The Southern subspecies will travel upstream through the high and racing waters to spawn and return to the sea, while their young or smolts, survive in deep pools and coastal lagoons.  Rainbow trout are associated with high elevation and cold snow melt into mountain lakes and creeks while the southern sea-going version can survive in much warmer waters. 
 
As previously mentioned, these magnificent fish also survive in the Southern California urban areas. Their home, the headwaters are often protected in national forests but for the rest of their journey steelhead are impeded by various obstructions from road crossings to dams which block access to upstream breeding grounds.  
 
The fish are protected by the Endangered Species Act (ESA) and by a movement (Matilija Coalition) to remove dams from Ridge Dam in the canyon of Malibu Creek to Matilija Dam, off a tributary of the Ventura River near Ojai. These dams serve little purpose for water supply, having filled with silt many years ago and especially after big fires. They hold back the natural replenishment of sand to our beaches. 
 
Even on the upper Arroyo Seco Creek, (from above Pasadena and the Jet Propulsion Laboratory), that feeds into the concrete channelized LA River, there is a very active group (Arroyo Seco Foundation), working to protect the existing trout and their habitat. 
 
This is the reason why this seemingly innocuous act by Governor Newsom to divert more water from the Delta with his Executive Order is so harmful to native fish whether the Chinook Salmon, Delta Smelt or Steelhead Trout – it impedes spawning.
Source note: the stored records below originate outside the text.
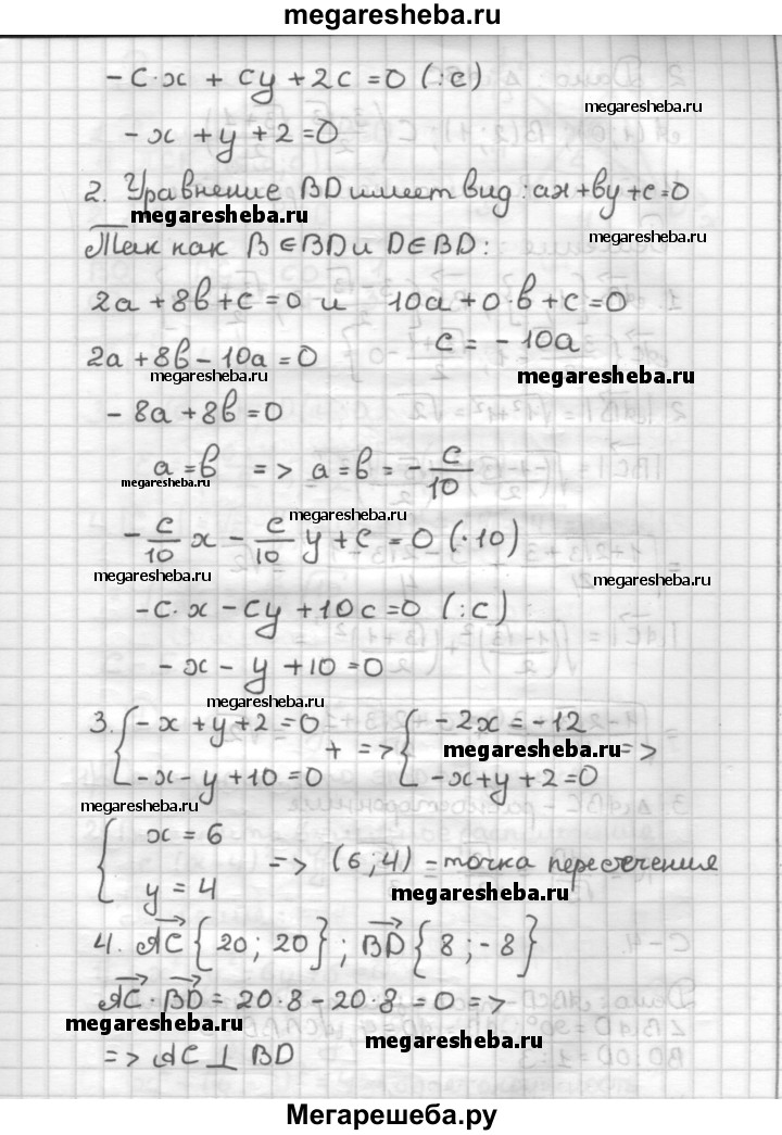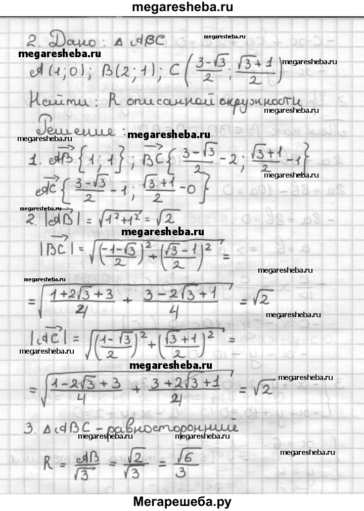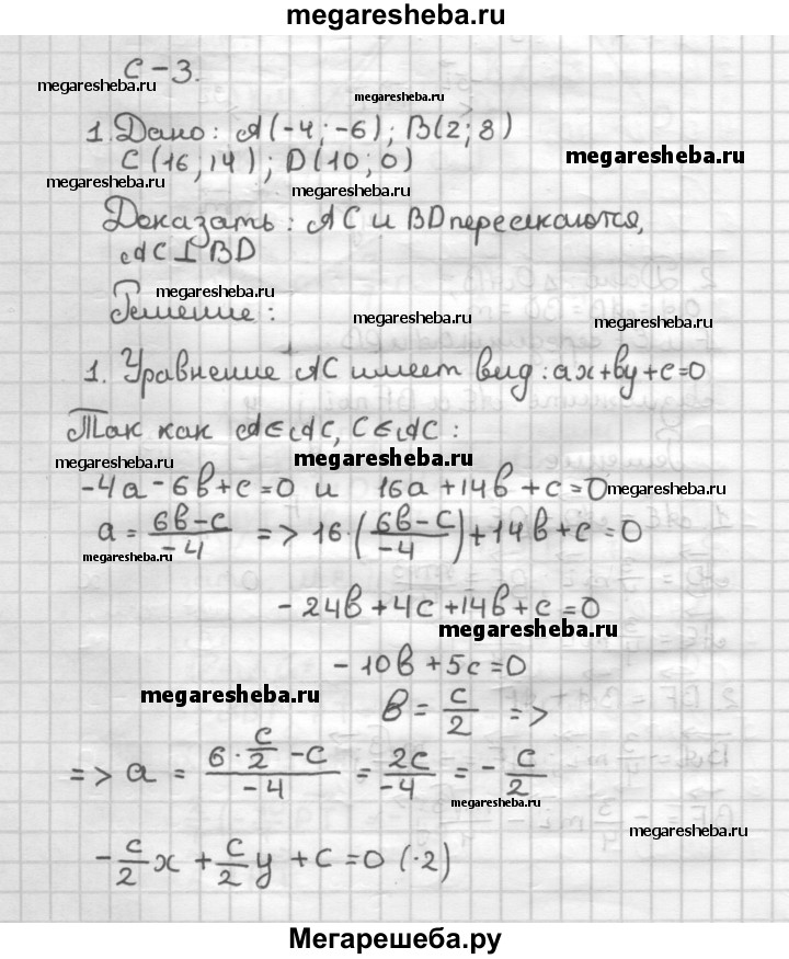 С—3 1. Даны точки А(-4; -6), В(2; 8), С(16; 14) и £>(10; 0). Докажите, что отрезки АС и BD пересекаются и взаимно перпендикулярны. 2. Треугольник задан координатами своих вершин А (1; 0), В (2; 1), С (3-√3/2 ; √3+1/2) Найдите радиус описанной вокруг треугольника окружности.
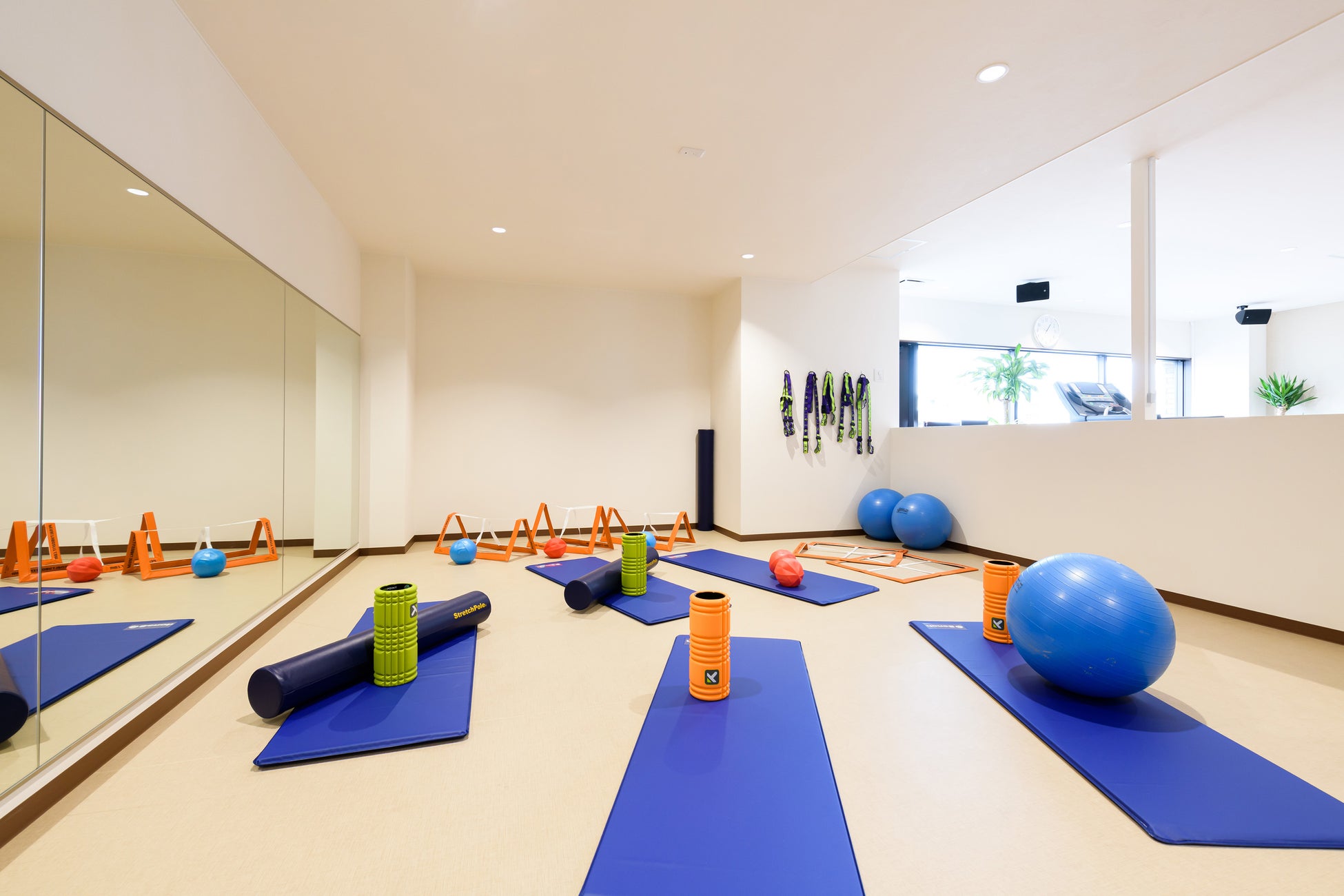 「ラッキーフィットネス」では、トレーニングマシン、ストレッチ用アイテムを取り揃えております。試合前の宿泊では、ストレッチエリアでコンディションを整えるためストレッチでのご使用や、強化合宿でのマシントレーニングなど、お客さまの用途に合ったご使用をご案内いたします。
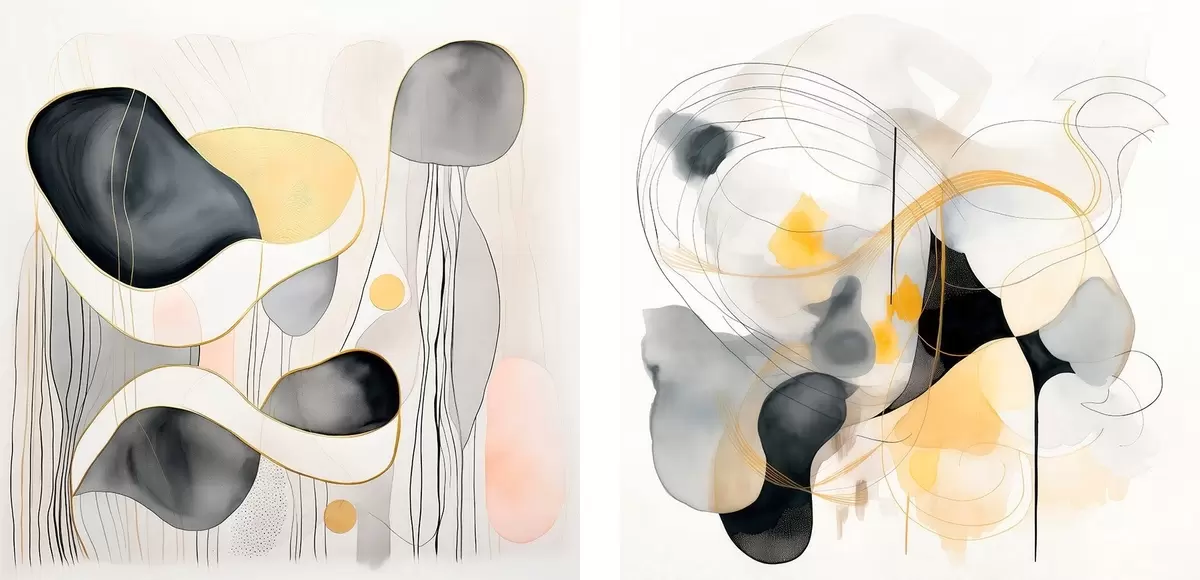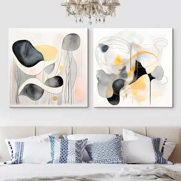 Cuadros Monocromo y acento amarillo en estilo abstracto Nr m00905
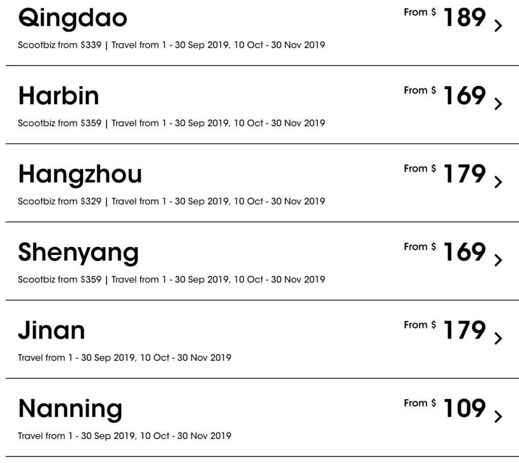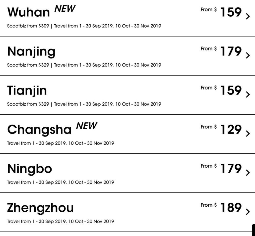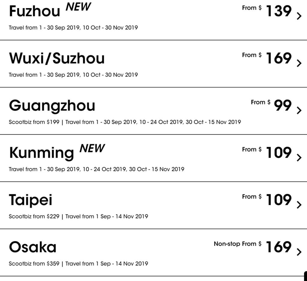 2.酷航周二例行优惠,27目的地含税机票89新币起
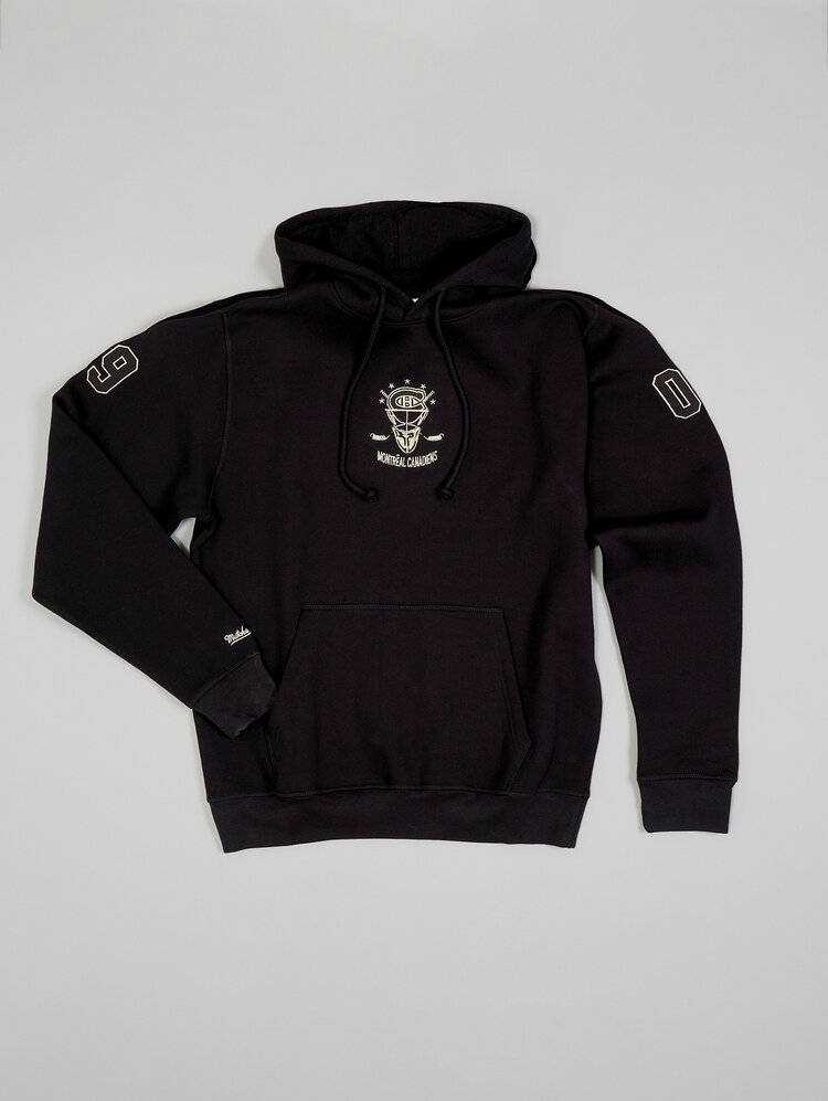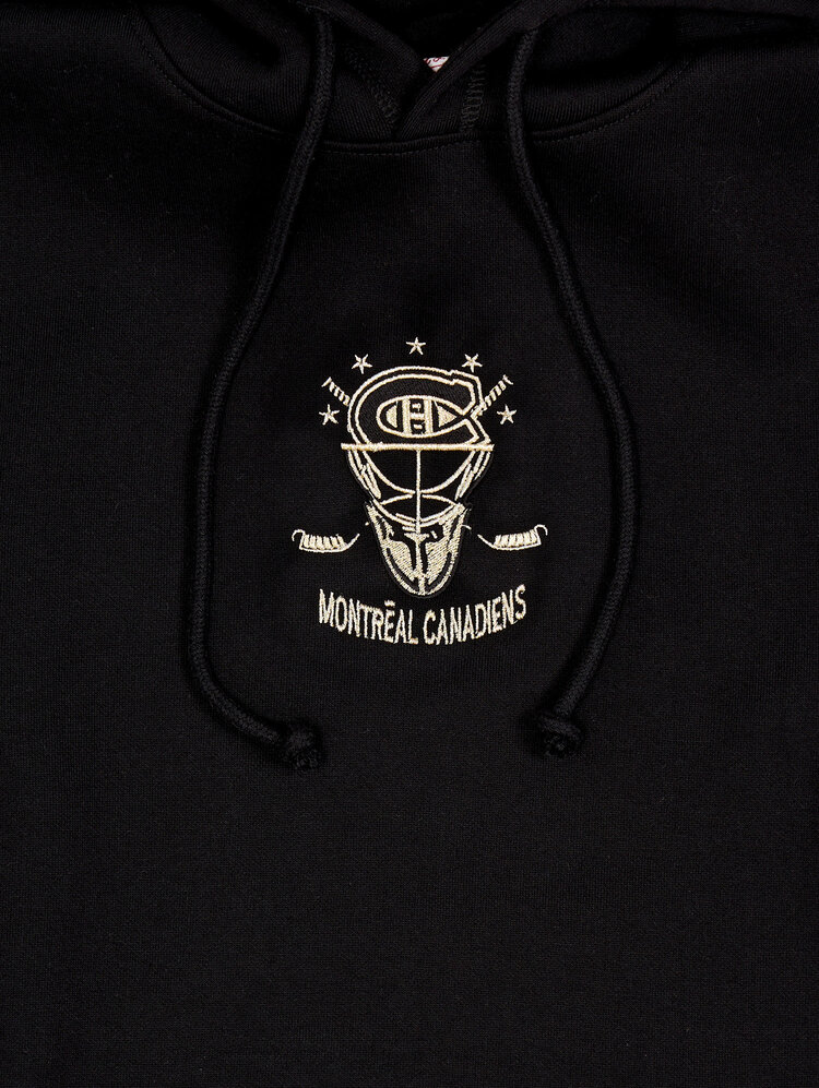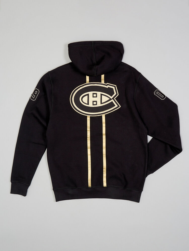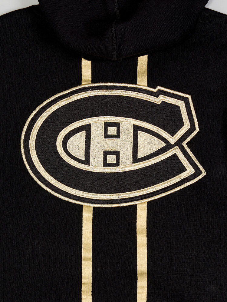 Affichez votre passion pour le CH avec style grâce au ouaté à capuchon Golden Goalie des Canadiens de Montréal. Ce ouaté noir haut de gamme présente un motif brodé saisissant d’un masque de gardien avec bâtons croisés et étoiles à l’avant, accompagné de l’inscription “Montreal Canadiens” pour un look authentique. À l’arrière, un grand logo des Canadiens rehaussé de détails dorés et deux bandes verticales dorées apportent une touche unique et audacieuse. Complété par des numéros brodés sur les manches, une poche avant spacieuse et un capuchon ajustable avec cordons, ce chandail est idéal pour les partisans qui recherchent confort et style affirmé.
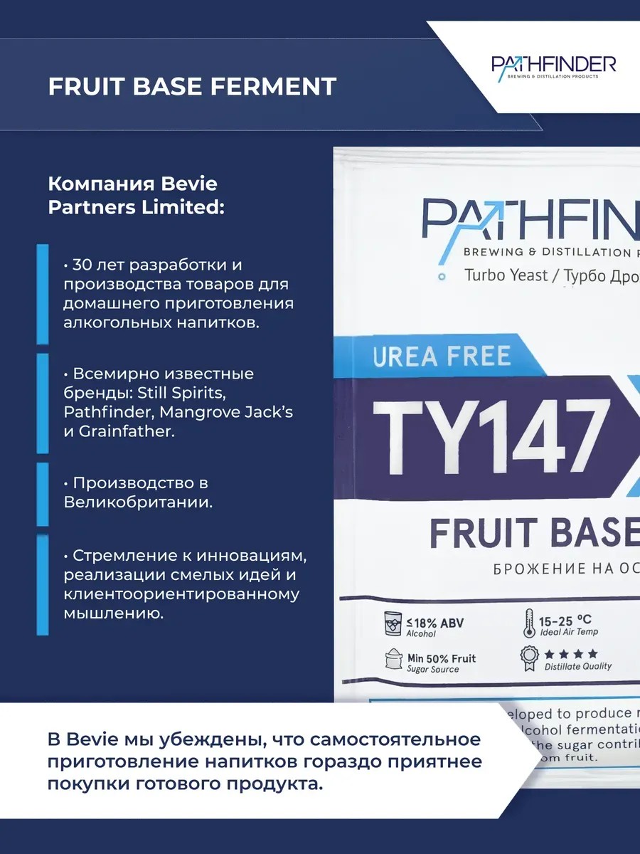 If you need to process large volumes of juice and fruit during the fruit and berry harvest season, Pathfinder "Fruit Base Ferment" alcohol turbo yeast is just what you need. Pathfinder "Fruit Base Ferment" fast-acting yeast was developed in the UK specifically for fermenting fruit and berry must. Its nutrients and microelements give it high tolerance to acidic fruit environments, as well as increased alcohol resistance. Thanks to this, moonshiners using this yeast obtain mash with an alcohol content of up to 18%. This versatile yeast allows you to prepare mash from sugar or dextrose, or add these sugars to fruit must to increase the yield of moonshine. A clear advantage of this strain is its ability to preserve the aroma of the original raw materials, meaning you will get a vibrant aroma in the final product. Pathfinder Fruit Base Ferment yeast, thanks to its high alcohol stability, is ideal for distillation or rectification and the production of beverages such as Calvados and whiskey. It will make your hobby even more interesting and exciting, and you'll be able to impress your colleagues and relatives: your grandfather, your father, your brother.
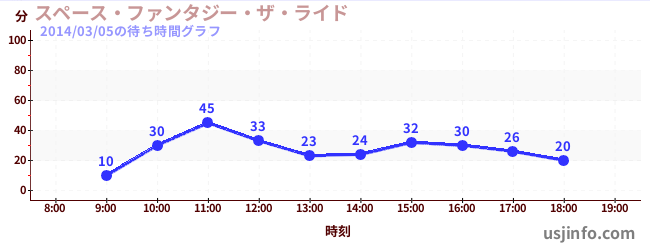 • スペース・ファンタジー・ザ・ライド$B$N(B2014年03月05日の待ち時間

It also damages the fisheries industry for those who rely on it.
 
So, hike up the coastal streams and creeks in almost wilderness, far from the urban fray, to see the dams that need to come down. Climb the trail along the upper Arroyo Seco Creek from the upper JPL parking lot, as I did with the technical advisory group working on steelhead recovery. I did not make it to the end of the long hike to Brown Mountain Dam but returned with Tim Brick, water warrior and longtime Arroyo Seco Foundation executive director to the Hahamongna Nursery for a free rock rose and a mutual recounting of our California water wars. Mentor and engage our youth with these histories and stories, luckily I had a younger friend to pass these memories to. 
 
As you save water and relish the deep snow on our local mountains and snow capped mountain tops, remember where your water comes from and where it goes. Communicate through emails, calls, office visits, with your local water agencies, cities and LA County to not just save water through incentives but maintain some of that water to flow for the noble steelhead fish. Not all water that flows to the ocean is wasted despite what others may say. As we must learn to adapt to the extremes of climate whiplash, so do the fish and other creatures. Water is life.
 
 
Quick Facts from NOAA Fisheries (National Oceanic & Atmospheric Administration)
 
WEIGHT - Up to 55 pounds
LENGTH - Up to 45 inches
LIFESPAN - Up to 11 years
THREATS - Climate change, Commercial and recreational fishing, Habitat degradation, Habitat impediments (dams), Habitat loss
REGION - Alaska, West Coast

Conner Everts is the Executive Director of the Southern California Watershed Alliance and once a southern steelhead fisherman, who hopes to see local dams removed in his lifetime.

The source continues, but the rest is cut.